Jim Phillips escribió:
>
> gcc and net-linux-amd64 should work fine. Ignore the Fortran warnings.
>
> -Jim
>
>
> On Tue, 4 Jul 2006, Cesar Luis Avila wrote:
>
>> I have checked outputtimings and indeed I have negative values for
>> some wall time/step.
>>
>> I am now trying to recompile charmm/namd for a cluster of dual core
>> AMD64 connected through gigabit ethernet. I understand that the best
>> choice for charm++ compiling is to use net-linux-amd64 instead of
>> mpi-linux-amd64 for this kind of connection. Is this correct?
>> I would also like to know which compilers work better for this
>> architecture. I recall that some groups suggested to use Intel C and
>> Fortran compilers on AMD64, but there was also some problems with
>> them. So, others suggested to use gnu compilers. I currently have
>> gcc and g77 installed on my system, although g77 seems to be useless
>> for building charm++.
>>
>> During charm autoconfigure I get the message.

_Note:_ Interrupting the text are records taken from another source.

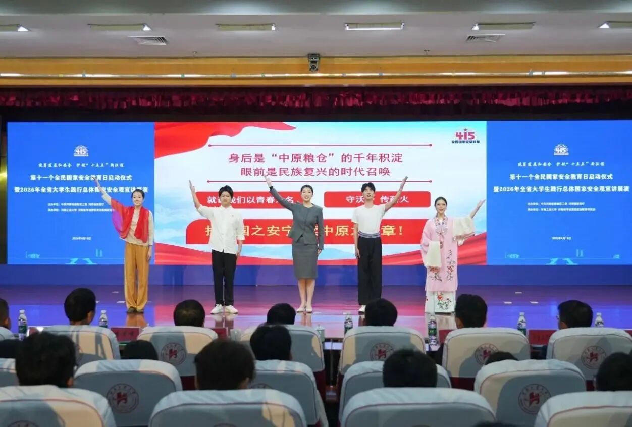 为深入学习贯彻习近平总书记关于总体国家安全观的重要论述及国家安全工作重要指示批示精神,牢固树立并全面践行总体国家安全观。2026年4月15日,中共河南省委教育工委、河南省教育厅、中共河南省委国家安全委员会办公室联合举办了“第十一个全民国家安全教育日启动仪式暨2026年全省大学生践行总体国家安全观宣讲”展演活动。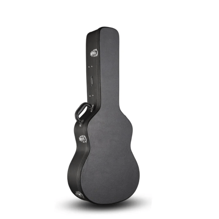Deze budgetvriendelijke harde koffer voor akoestische gitaren met een kleine klankkast is geschikt voor zowel staalsnarige als nylonsnarige gitaren. De binnenkant is gevoerd met HardCell foam om de trillingen en schokken tijdens transport op te vangen. Het schuim is afgewerkt met prachtig zacht pluche. De buitenkant is gemaakt van 6 millimeter dik 3-laags multiplex, en afgewerkt met vinyl. In de koffer bevindt zich ook nog een vakje waar een aantal kleine accessoires in passen, zoals een capo, set snaren, slide of een stemapparaat. Kortom: veel koffer voor weinig geld.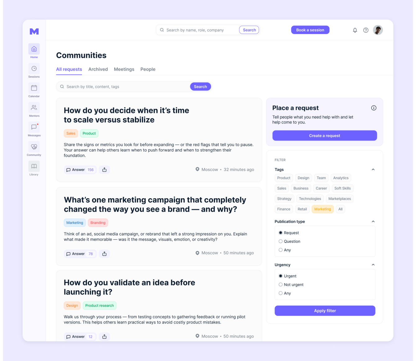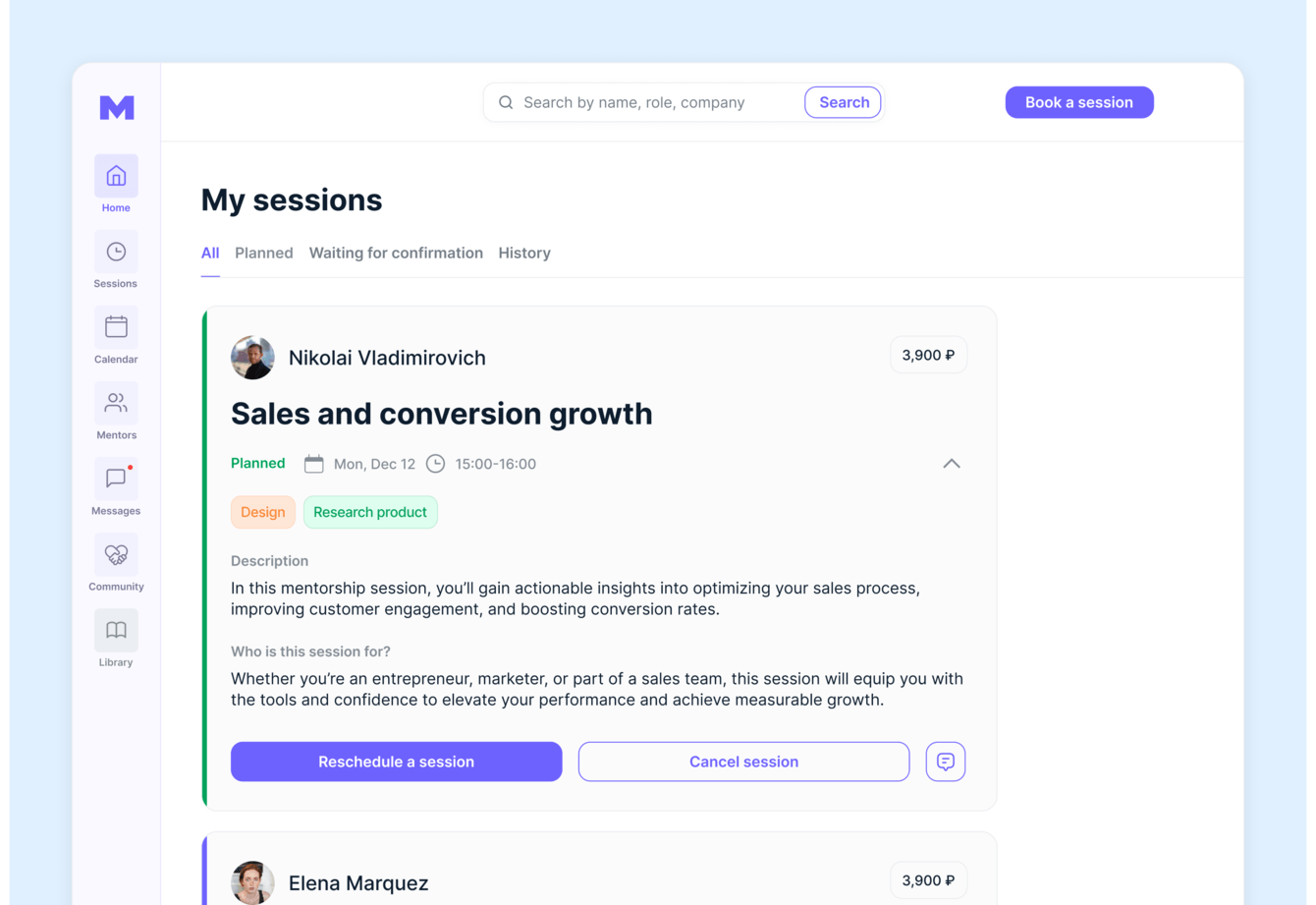Интеллектуальная система поиска и бронирования: Менти могут быстро найти подходящего ментора по фильтрам и забронировать сессию в несколько клиентов, получив сразу всю информацию об эксперте и его опыте.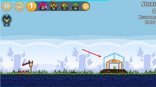 1. 第一关堪称经典,游戏开始时玩家会获得三只小鸟,只需朝着图中木板对角线位置发射,就能达成三星通关。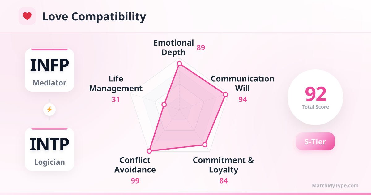 This is a story of 'The Warmest Robot' meeting 'The Most Rational Elf.' INFP is drawn to INTP's pure, unvarnished authenticity and high IQ, seeing them as the only non-fake person in the world. INTP is captivated by INFP's rich emotional landscape and unique aesthetic—INFP is one of the few who can keep up with INTP's jumping thoughts without calling them 'weird.' Together, you can talk from quantum mechanics to what's for dinner; that intellectual seamlessness is incredibly sexy.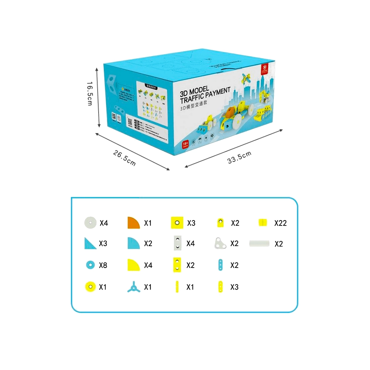 - Ruote, triangoli, quadrati, elementi distanziatori, connettori in plastica, istruzioni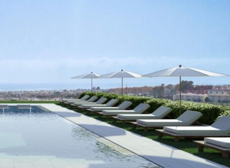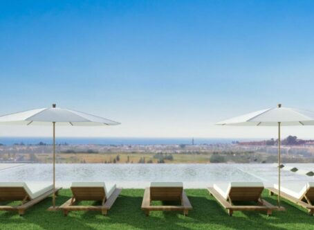 Apartment in Nueva Andalucia with the following finishes: • Armored entrance door and white lacquered interior carpentry. • White lacquered built-in wardrobes and lined inside. • Large format and 1st quality porcelain stoneware in kitchen and bathroom floors. • Fully equipped kitchens with high energy rating appliances. • Porcelain sanitary ware with large format shower. It has an overflowing pool with night lighting and saline chlorination on roof deck. Large solarium area, with green area and views of the pool. Fully equipped gym overlooking the garden, to be always in shape without having to leave the building. Spacious furnished and equipped lobby. A space designed to be able to have a relaxing drink in the company of friends and family. Large equipped leisure area with sun loungers to relax in the sun, or share pleasant moments of relaxation in an enabled area.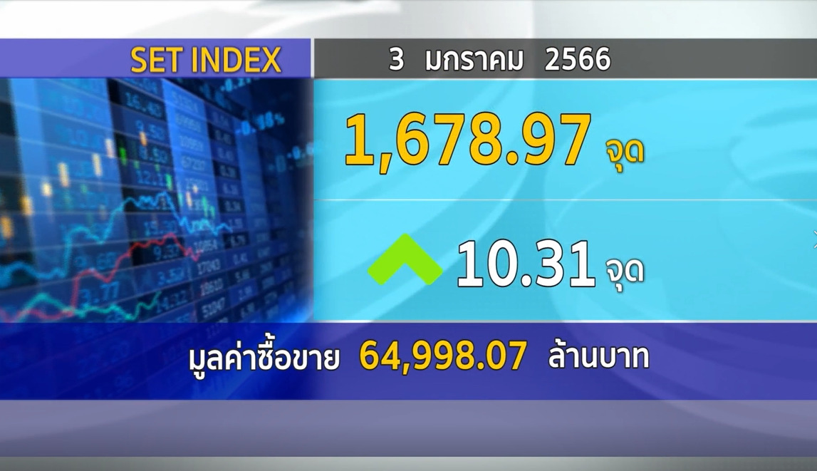 กทม. 3 ม.ค.-SET ปิดวันนี้ที่ 1,678.97 จุด เพิ่มขึ้น 10.31 จุด (+0.62%) มูลค่าการซื้อขาย 65,002.71 ล้านบาท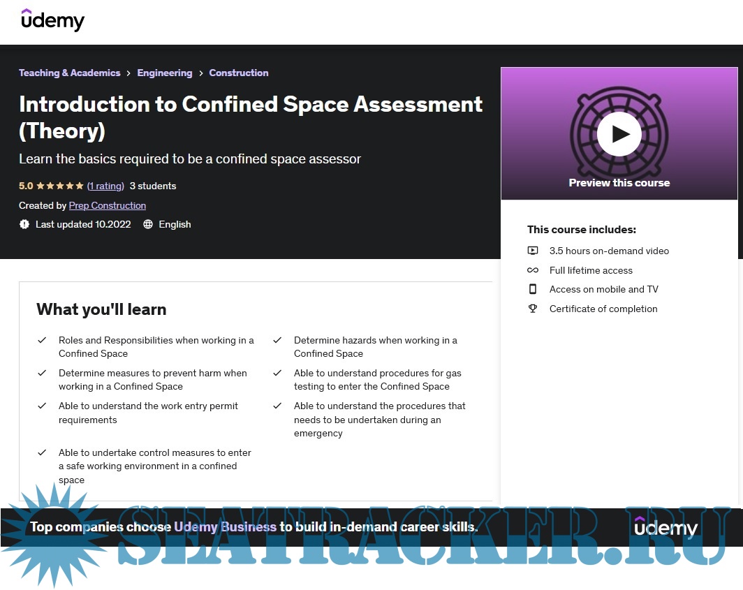 Description: Welcome to the Introduction to Confined Space Assessment (Theory) course, the only course you need to learn all the basics required to be a confined space assessor.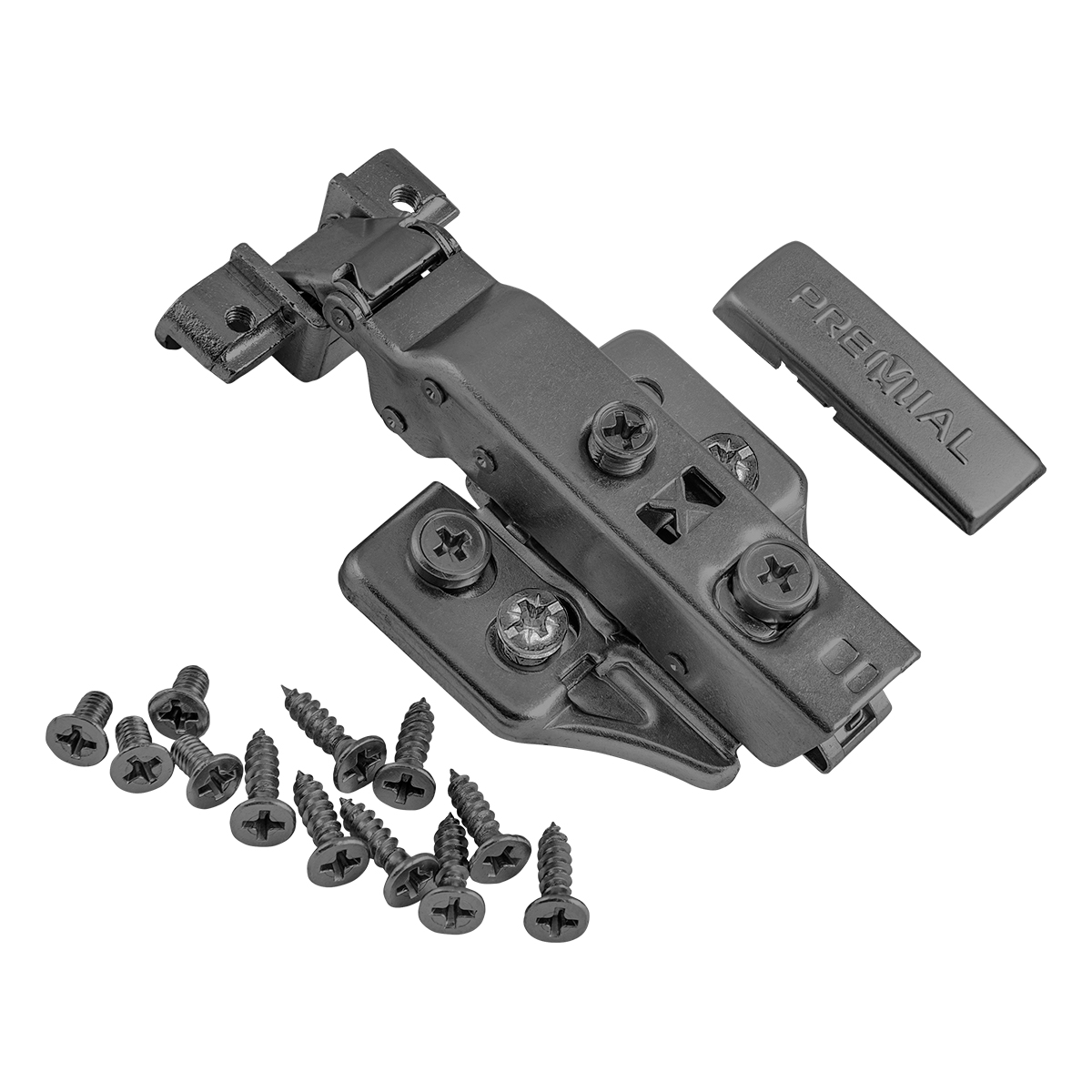 Петля мебельная четырехшарнирная накладная с доводчиком для алюминиевого профиля.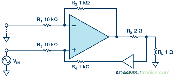 虽然较大的R2会降低电路速度与精度,但在反馈路由中插入一个缓冲器,形成一个增强型Howland电流源可以解决这一问题,如图2所示。所有通过R0的电流都流入RL。输出电流由公式2计算。
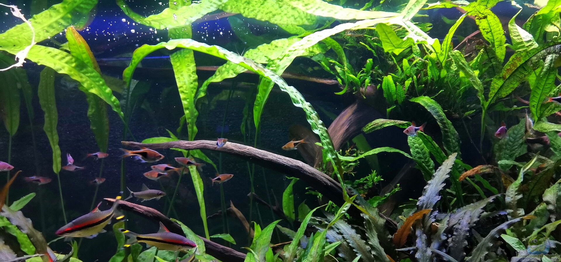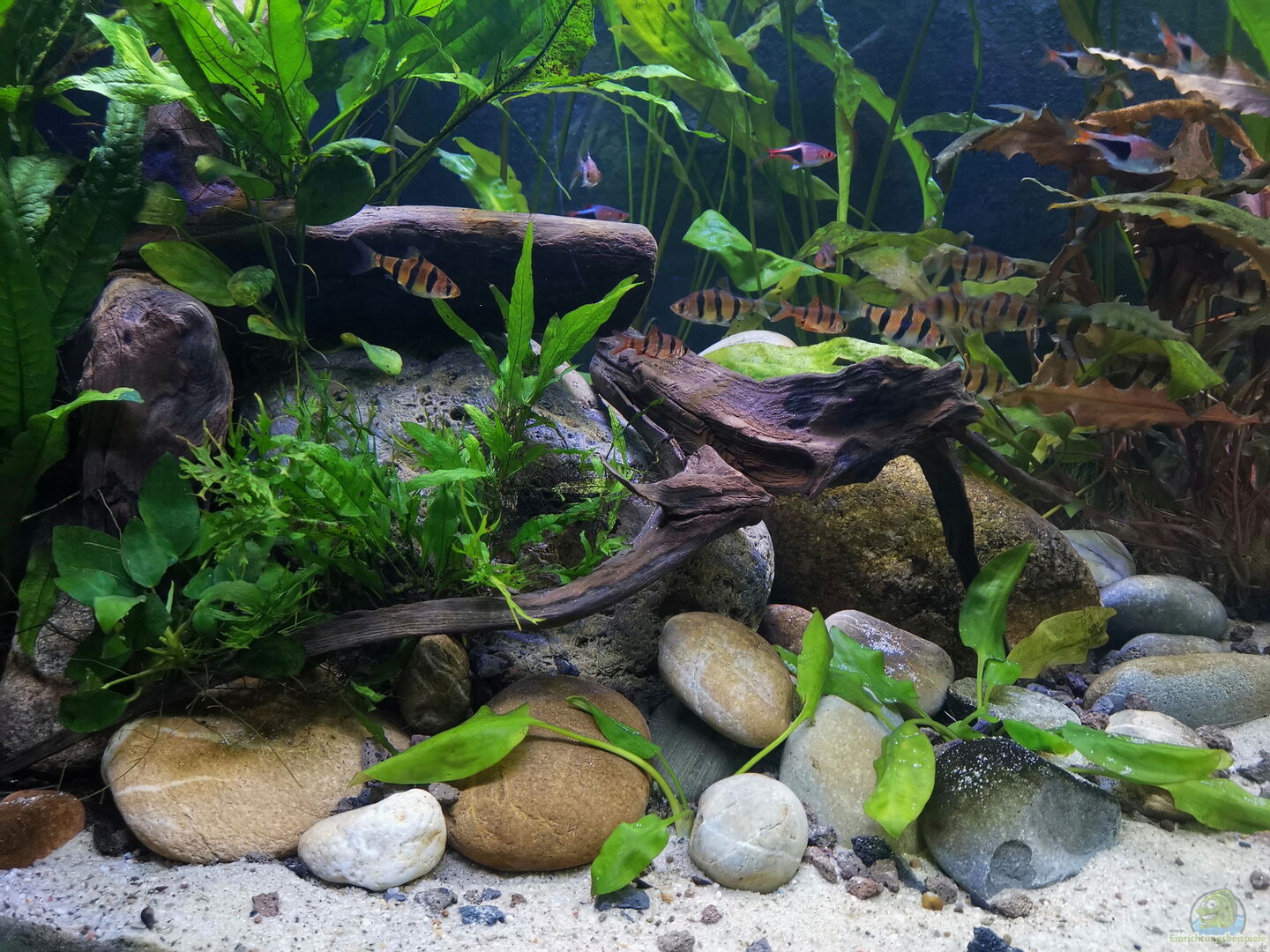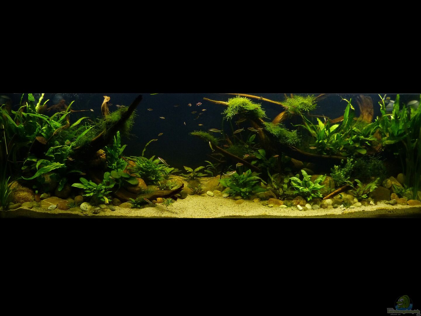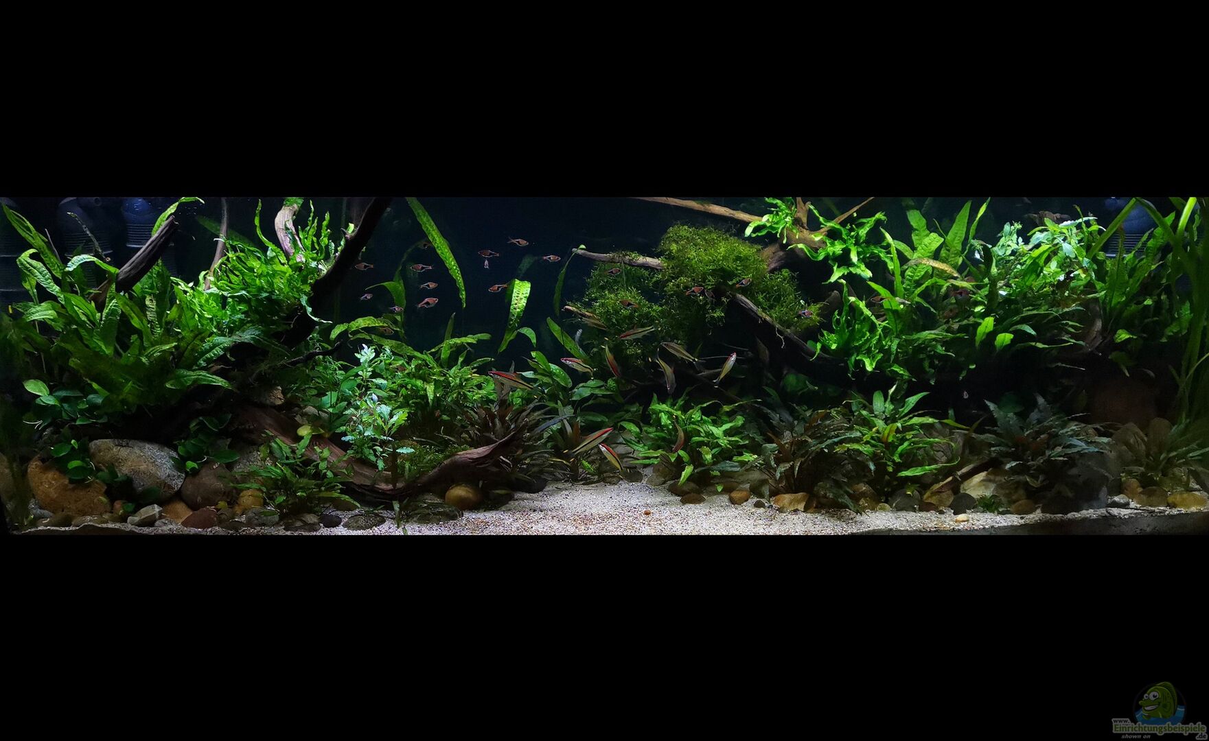 Nach 1 1/2 Jahren lässt sich sagen, dass mir das für meinen persönlichen Geschmack bisher ganz gut gelungen ist. Einzig die Moose habe ich nicht geschafft, dauerhaft in diesem Becken zu etablieren. Leider machen mir hier die puntius denisonii einen Strich durch die Rechnung, da sie das Moos auf der Suche nach Futter regelrecht zerpflücken.

>> checking subroutine name used by Fortran compiler... "Fortran
>> compiler not working"
>>
>>
>> Regards
>> Cesar
>>
>> Cesar Luis Avila wrote:
>>> Dear all,
>>> While running minimization for my system on AMD64 Dual Core, I
>>> always get stuck after step 199. The following is extracted from log:
>>>
>>> ---------------------
>>> BRACKET: 1.20523e-06 0.239614 -230750 14968.7 528140
>>> ENERGY: 199 6081.6400 2704.6967 0.0000
>>> 488.2582 -183481.0235 -8652.9114 0.0000
>>> 0.0000 0.0000 -182859.3400 0.0000 -182859.3400
>>> -182859.3400 0.0000 -6250.9615 -5563.7037
>>> 864000.0000 -6250.9615 -5563.7037
>>>
>>> LDB: LOAD: AVG 76.2111 MAX 85.6205 MSGS: TOTAL 84 MAXC 21 MAXP 3
>>> None
>>> LDB: LOAD: AVG 76.2111 MAX 86.8742 MSGS: TOTAL 84 MAXC 21 MAXP 3
>>> Alg7
>>>
>>> -----------------------
>>>
>>> I wonder if it has something to do with the bug reported on the wiki
>>> by Jim Philips.
>>>
>>>
>>> Load balancer hangs on dual-core Opteron clusters, including
>>> Cray XD1
>>>
>>> If so, do I have to build charmm, namd or both from sources?
>>>
>>> I am currently using Linux-amd64-TCP
>>> <http://www.ks.uiuc.edu/Development/Download/download.cgi?UserID=&AccessCode=&ArchiveID=792>
>>> binaries for version 2.6b1downloaded from NAMD website.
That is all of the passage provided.